ST. PETERSBURG, Florida -- When it comes to alternative energy, Pinellas Park's PolyPack Inc. is ahead of the curve. The manufacturer of shrink wrap machines was racking up a hefty power bill before they decided to line the plant's roof with solar panels.
"Basically, we wanted to go green and number 2 we wanted to shave our electric bill," said Ed James, PolyPack's electrical engineering manager.
As a result, the company is saving big.
Now, U.S. Representative Kathy Castor (D-Tampa) and State Representative Dwight Dudley (D-St. Petersburg) are teaming up proposing new legislation hoping to encourage other companies to invest in solar.
"Thirty states right now have renewable energy standards and goals, Florida does not," said Rep. Castor at a joint news conference Friday morning in St. Petersburg.
Castor and Dudley want Florida to deregulate renewable energy meaning companies or even individuals could theoretically sell excess solar power to their neighbors.
"We're not just appealing to Republicans or Democrats. It's not a red or a blue issue... it's a green issue," said State Rep.
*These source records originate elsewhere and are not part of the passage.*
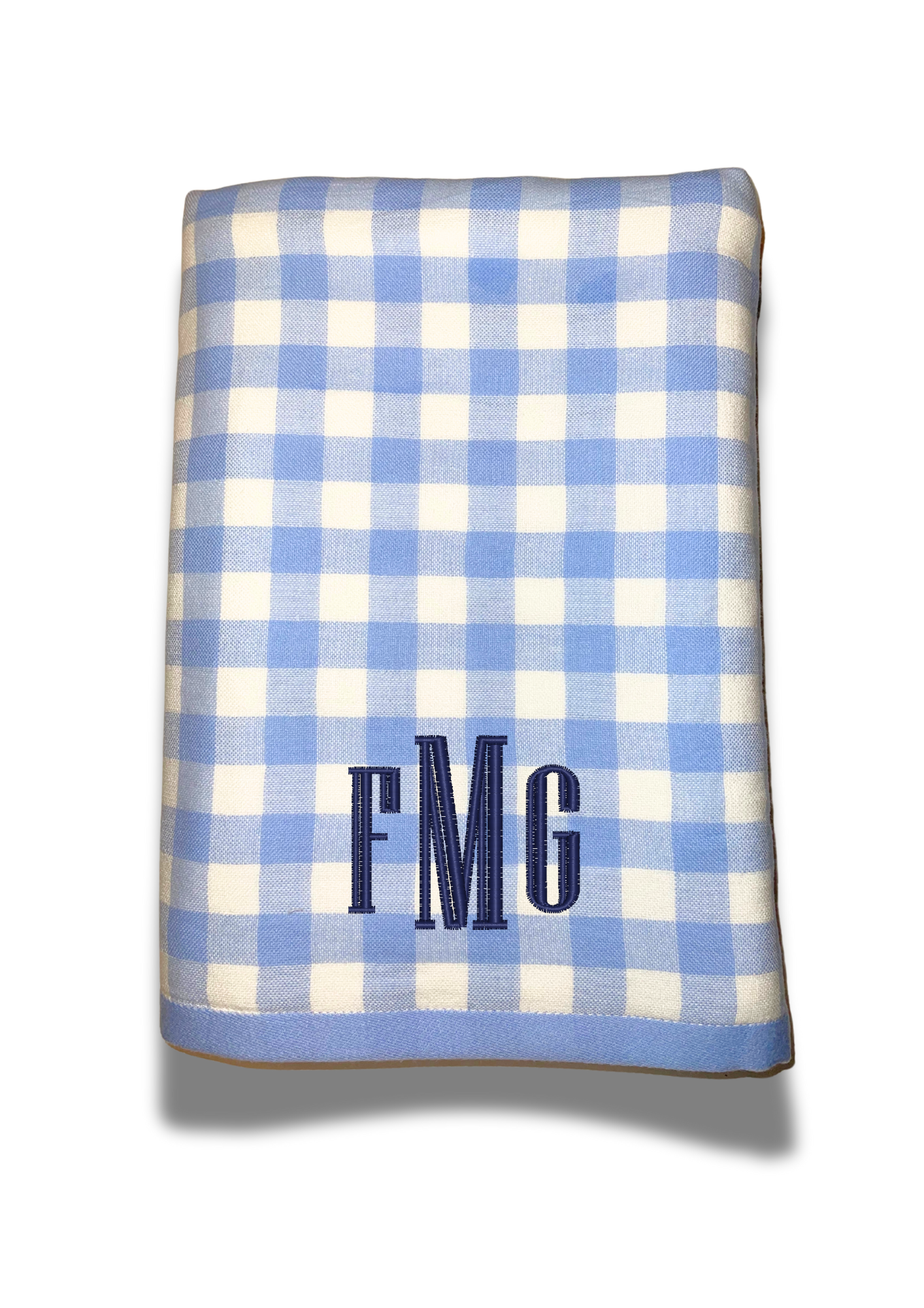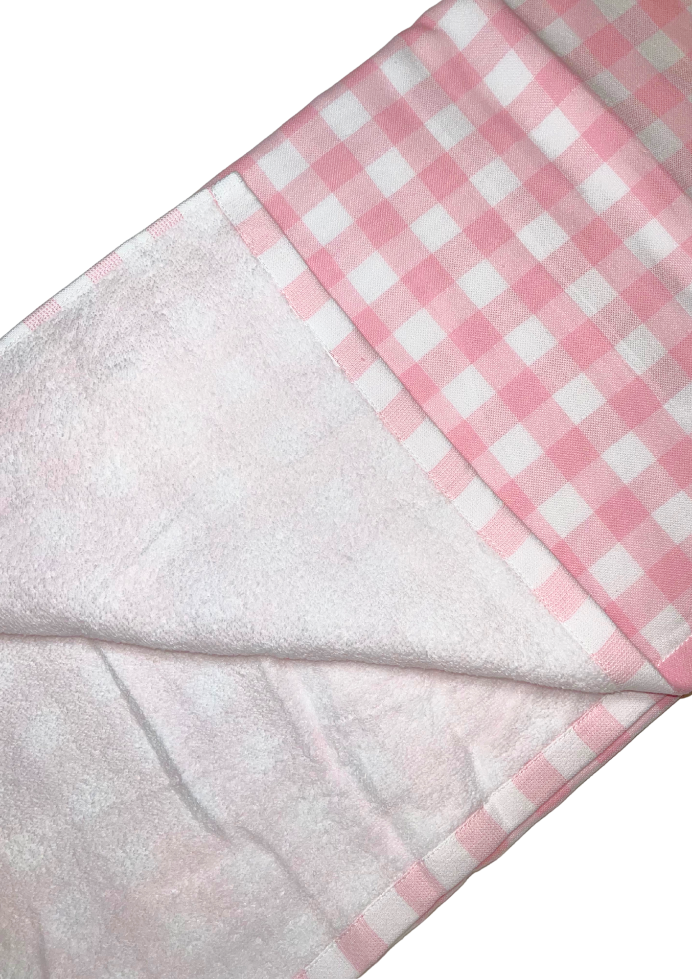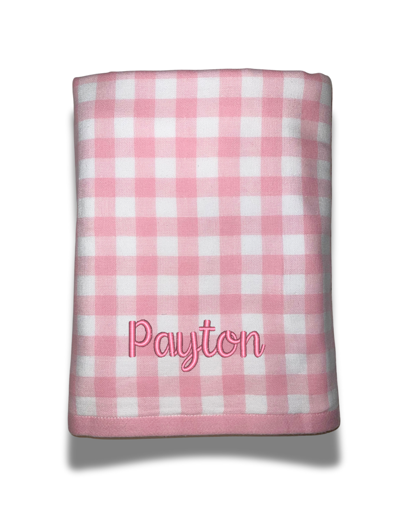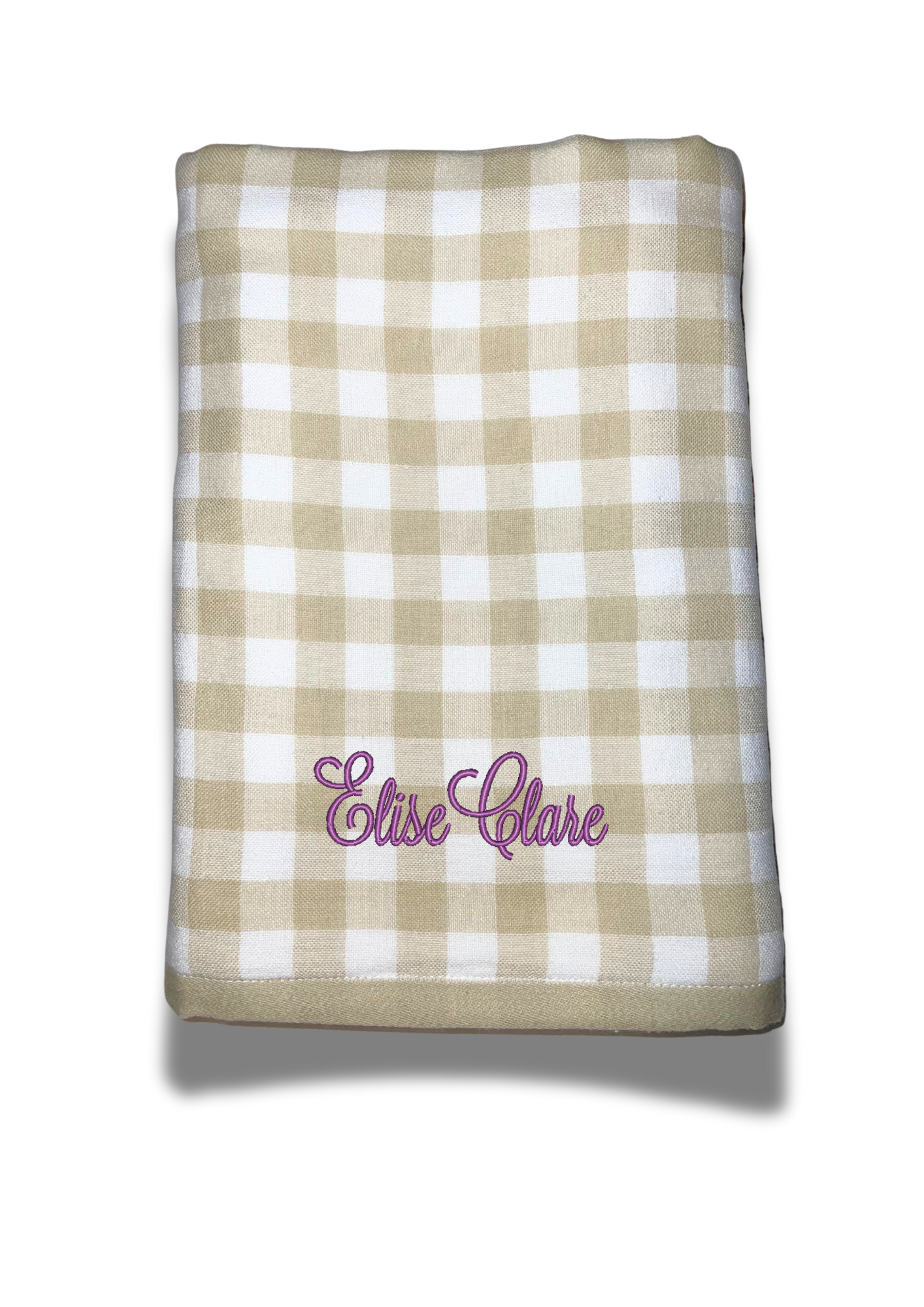This personalized gingham print terry cloth towel is a must-have for any beach or pool day. Easily find your towel with custom embroidery, available in pink, blue, or khaki. Stay stylish and dry this summer! Add custom embroidery for a special touch. Perfect for fun days in the sun!
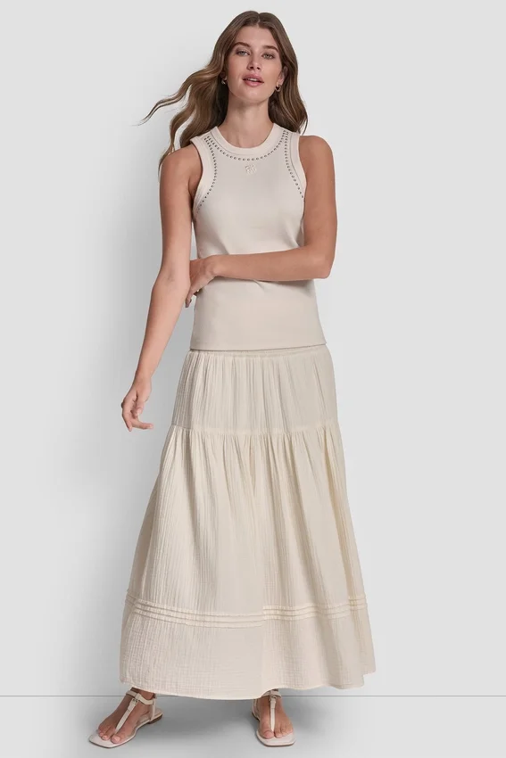 A Modern Essential with Subtle Edge, This Slim-Fit Tank is Accented with Dome Studs at the Neckline and Armholes for a Refined Statement. Crafted in a Soft Cotton-Blend Knit with Added Stretch, It Delivers All-Day Comfort with Elevated Detail.
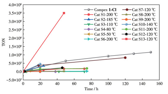 * Reaction conditions: 0.1 μmol complex 1-Cl in 1 mL EtOH, pCO2pH2=1∶1, 1.2 mol·L-1 aqueous solution of KOH (10 mL), 150 ℃, 5 h.
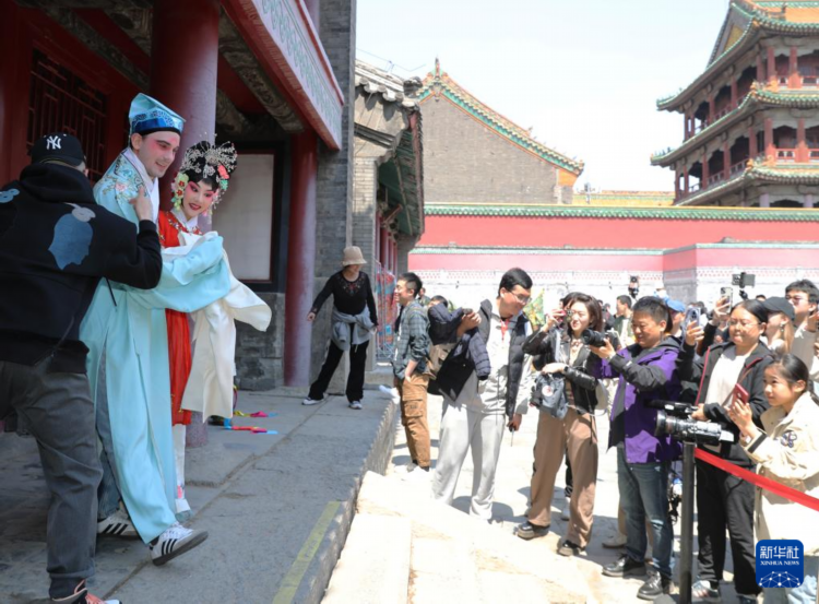 2024年4月30日,在沈阳故宫,来自俄罗斯的芭蕾舞演员与沈阳京剧院的演员互动。
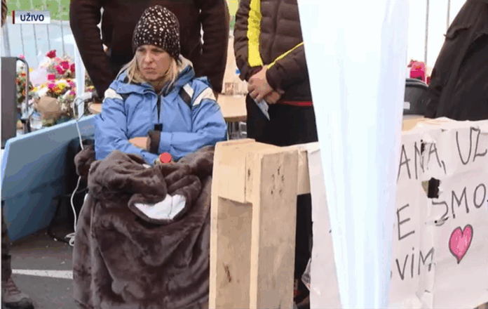 Дијана Хрка им се обрати на новинарите пред нејзиниот шатор во близина на српскиот парламент, откако прими интравенска инјекција во болница. Таа оцени дека институциите сè уште не си ја вршат работата и изјави дека не треба да разговара со српскиот претседател Александар Вучиќ.
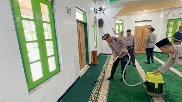 Wakapolres Pimpin Aksi Bersih Bersih Mesjid, Pasca Apel Bersama di Polsek Lobalain
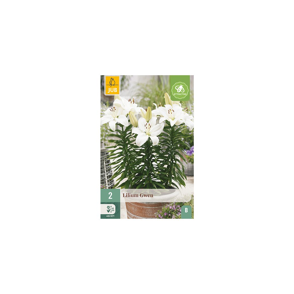 Bílá asijská lilie 'Gwen' je krásná zahradní a řezaná květina se zvláštní barvou. Výška je 45 cm. Lilie se uplatní ve skupinách mezi trvalkami a keři. Po odkvětu mohou zůstat v zemi a budou kvést znovu rok co rok. Tyto lilie jsou velmi vhodné do květináčů nebo květináčů.
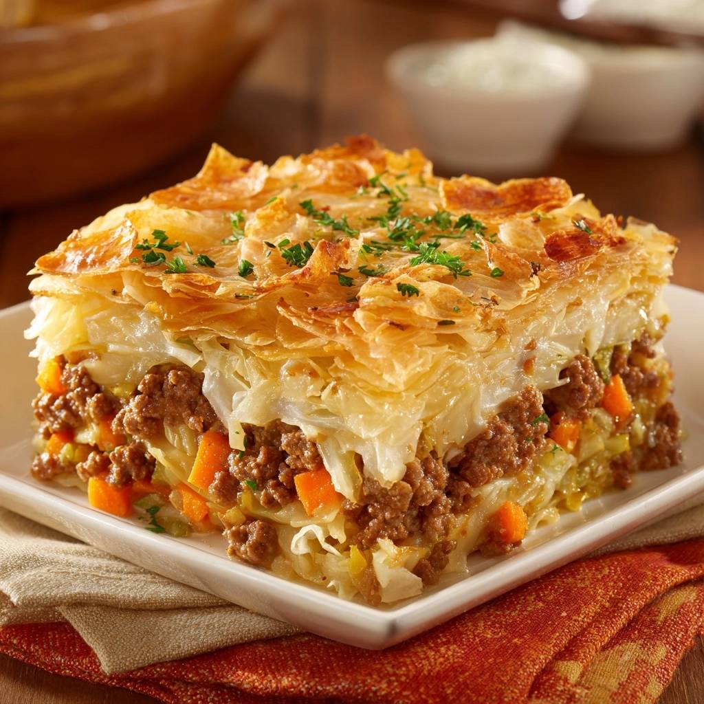 Stell dir vor, du beißt in eine Schicht goldbraunen Filoteigs, der perfekt knusprig knackt. Darunter wartet saftiges Hackfleisch mit knackigem Weißkohl und süßen Karottenwürfeln. Der Duft von gebratenem Fleisch und Gemüse zieht durch die Küche, und jeder Bissen ist eine Explosion aus Texturen.
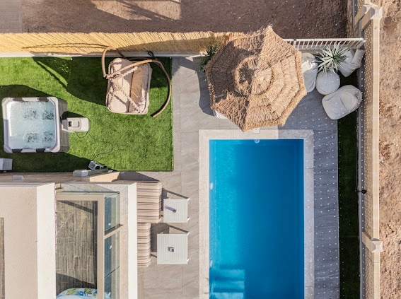 Un appartement privé et décoré avec 3 chambres, 2 douches (dont une dans la chambre principale), un salon chaleureux avec une sortie vers un jardin calme, une cuisine entièrement équipée comprenant une machine à expresso, et deux cours avec un jacuzzi, des sièges, une table à manger, un barbecue au charbon de bois et une douche extérieure. Design naturel avec du bois et des cenadas, ambiance détendue et arôme luxueux du désert. Une expérience intime, paisible et luxueuse, parfaite pour ceux qui recherchent un moment de véritable déconnexion. Wifi, climatisation, parking et service personnalisé 24h/24 et 7j/7. Conçu pour les familles. Couples ou groupes avec autorisation préalable uniquement. Pas de fêtes ni de musique forte.

Dudley.
A spokesperson for Duke Energy says while the company supports investment in solar energy, it fears deregulation could be problematic in Florida, potentially destabilizing the price of electricity.
Representative Dudley also wants to level the playing field when it comes to big electric utilities like Duke Energy by proposing a repeal of the state's advance recovery fee which allowed Duke to charge billions up front to replace their Crystal River Nuclear Plant, plans that never materialized.
"The hard-working Floridians that are paying for power, don't want to be investors. They just want to have electricity," said Dudley.
Sterling Ivy of Duke Energy says the company understands why advance recovery fees are a tough sell given the current circumstances. He says the loss of revenue would put an immediate end to any plans for future nuclear power plants in Florida.
Back at PolyPack, where solar energy is key, company representatives say it's all about the bottom line.
"I'm paying about a third of what I was paying before," said James.
The solar panels are expected to pay for themselves in just five to six years.